Whilst these programmes are evidence that some progress in enabling displaced people to reach the mental health support they need has been made, greater efforts are needed to strengthen the protection of displaced people the world over, to ensure they are supported throughout these desperate journeys. In a recent report, the World Health Organisation (WHO) outlines four action areas regarding the mental health of refugees and migrants that global policy-makers must address. These include;

  1. Promoting Social Integration; According to research from the WHO, social isolation and unemployment is linked with higher prevalence of mental disorders in refugees and migrants. Establishing systems to reduce social isolation allows migrants to form peer groups and communities that can make a tangible difference in reducing stress.
  2. Overcoming barriers to access to mental health care; Administrative, structural and social barriers to treatment can lead to further complications of a mental disorder. The WHO suggests it is crucial that communication of the support on offer, who is entitled to it and how to access it, is better communicated to migrants, aid agencies and mental health providers. Provision of such information can help patients to seek treatment, as and when available, and help clinicians to make appropriate referrals.
  3. Facilitating engagement with services; Once refugees have accessed mental health services, there are a number of potential barriers to establishing a positive relationship with clinicians and engaging in treatment affecting both the uptake and effectiveness of treatment. Among the barriers to engagement are language difficulties, cultural beliefs and cultural expectations. To ease these issues, the WHO suggests; ensuring availability of interpreters and cultural mediators to translate issues and treatment options, and better access to technology that can help deliver these services where trained people are not available. Technology can also help professionals reach those who are in difficult to reach or dangerous locations, circumnavigate language issues and provide smart diagnosis without delay.

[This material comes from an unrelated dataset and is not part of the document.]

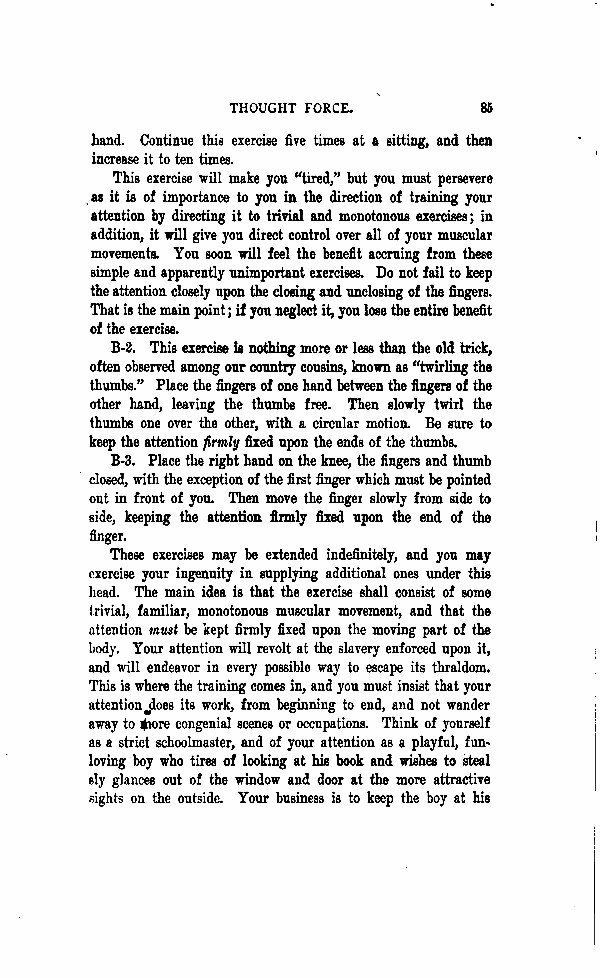 These exercises may be extended indefinitely, and you may exercise your ingenuity in supplying additional one under this head. The main idea is that the exercise shall consist of some trivial, familiar, momentous muscular movement, and that the attention must be kept firmly fixed upon the moving part of the body. Your attention will revolt at the slavery enforced upon it, and will endeavor in every possible way to escape its thralldom. This is where the training comes in, and you must insist that your attention does its work, from beginning to end, and not wander away to more congenial scenes or occupations. Think of yourself as a strict schoolmaster, and of your attention as a playful, fun loving boy who tires of looking at his book and wishes to steal sly glances out of the window and door at the more attractive sights on the outside. Your business is to keep the boy at his

  4. Treating displaced people with manifest mental disorders; Most displaced people with mental disorders can be treated with the same approaches commonly provided in the general population. Therefore, existing mental health infrastructure should be able to manage displaced people in need. Work needs to be done to remove the concern about helping displaced people by communicating an agreed approach to managing mental health of displaced populations with a greater level of consistency.

It is important to note that despite the horrors migrants and refugees are forced to suffer as a result of their displacement, according to academic research many displaced people have existing strengths and skills that prevent mental disorders from emerging, or help them to achieve full social integration and become an important resource for their adopted country. But, as the number of displaced people continues to rise, as a result of an increase in climate emergencies and worsening political tensions in some regions, the mental health crisis among displaced people is set to soar. The current pandemic has added fuel to this fire but if policy makers can work together to agree an approach to support displaced people in mental distress, more lives can be saved.